The mice were euthanized 7 days after one i.d. immunization at the tail base and the spleen was collected from each mouse. A single-cell suspension was prepared. Red blood cells were lysed with ACK lysis buffer (150 mM NH₄Cl, 10 mM KHCO₃, 0.1 Na₂EDTA. The cells were washed with RPMI 1640 and resuspended in R-10 medium (RPMI 1640 medium supplemented with 10% fetal calf serum, 100 units/mL penicillin, and 100 μg/mL streptomycin). Splenocytes were plated in 96-well plates at a density of 2 × 10⁶ cells/well/200 μL. OVA257-264 peptide, OVA323-339 peptide, OVA full protein, HEL107-116 peptide, and HEL full protein 5 μg/mL (final) were added to the cell cultures overnight, incubated at 37°C in 5% CO₂ incubator. Following centrifugation, the supernatant was collected and examined using mouse interferon-gamma ELISA (Mouse IFN-γ DuoSet ELISA kits; R&D Systems, Minneapolis, MN, USA).

Serum and antibody titer

Mice were anesthetized using isoflurane 7 days following one i.d. immunization at the tail base. Blood was collected using heparin-coated microcapillaries and centrifuged (6,500 × g, 20 min). The levels of OVA-specific antibody in the plasma were determined using ELISA. All 96-well plates were coated with 100 μg/mL OVA or standard antibodies (total IgG: MBL, Woburn, MA, USA; IgG1 and IgG2c: Southern Biotech, Birmingham, AL, USA) in carbonate buffer (pH 9.6). The wells were blocked with Blockace (KAC Co., Ltd., Kyoto, Japan). Diluted plasma obtained from immunized mice was incubated on the antigen-coated plates. After washing, either goat anti-mouse total IgG, IgG1, or IgG2c conjugated horseradish peroxidase (HRP; Southern Biotech) was added. The mixture was incubated for 2 h at room temperature. After additional washing, the plates were incubated with 3,3′,5,5′-tetramethylbenzidine (TMB; KPL) for 5–15 min. The reaction was stopped with 2N H₂SO₄ and the absorbance was measured at 450 nm.

Interaction between protein and aluminum salt, or D35 and aluminum salt

Soluble protein (10 μg) or protein (10 μg) plus aluminum salt (40 μg) mixtures were centrifuged at 5000 rpm for 3 min. The non-binding protein concentration in the supernatant was measured using a Qubit Protein Assay Kit (Thermo Fisher Scientific, Waltham, MA, USA). Similarly, the D35 (10 μg) plus aluminum salt (40 μg) mixture was centrifuged at 5000 rpm for 3 min. The non-binding nucleic acid concentration in the supernatant was measured using a NanoDrop 2000c device (Thermo Fisher Scientific).

Interaction between DOTAP and aluminum salt

DOTAP (100 μg) or DOTAP (100 μg) plus aluminum salt (40 μg) mixtures were centrifuged at 5000 rpm for 3 min. The concentration of non-binding DOTAP in the supernatant was measured using a NanoDrop 2000c device (Thermo Fisher Scientific) at an absorbance wavelength of 230 nm. The DOTAP containing buffer solution showed a high absorbance at 230 nm as measured using the NanoDrop 2000c device. However, buffer that did not contain DOTAP demonstrated only a background absorbance at 230 nm (S3 Fig). Thus, the DOTAP concentration could be determined by measuring the absorbance at 230 nm in this assay.

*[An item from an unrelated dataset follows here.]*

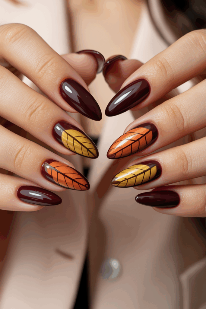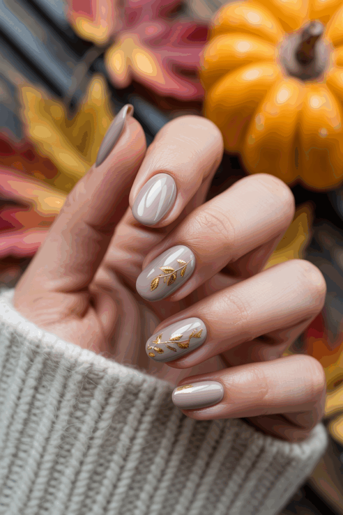 It works well for short nails and gives a balanced, sophisticated fall style.

Interaction assay between D35 and DOTAP, or protein and DOTAP

D35 (10 μg) only, and D35 plus DOTAP (100 μg) mixtures were loaded into Amicon Ultra centrifugal filter units (100 k; Merck Millipore, Burlington, MA, USA) and centrifuged at 14,000 × g for 1 min. The D35 concentration in the flow-through (FT) was measured using the NanoDrop 2000c device (Thermo Fisher Scientific). In this assay, DOTAP-bound D35 was trapped using the 100 k filter. Therefore, the FT contained only free D35. Similarly, protein (10 μg) or protein plus DOTAP (100 μg) was loaded into the 100 k Amicon Ultra centrifugal filter units (100 k) (Merck Millipore) and centrifuged at 14,000 × g for 1 min. The protein concentration in the FT was measured using a Qubit Protein Assay Kit (Thermo Fisher Scientific).

Immunization with four different buffers

Mice were immunized with antigen (OVA 10 μg) only or with antigen plus adjuvants (D35, 10 μg; DOTAP, 100 μg; aluminum salt, 40 μg) mixed in four different buffers (Glu/PBS, Glu/His, Glu/His+NaCl, and MES). A total of 100 μL of the particular mixture was injected i.d. at the tail base (50 μL on the right side and 50 μL on the left side).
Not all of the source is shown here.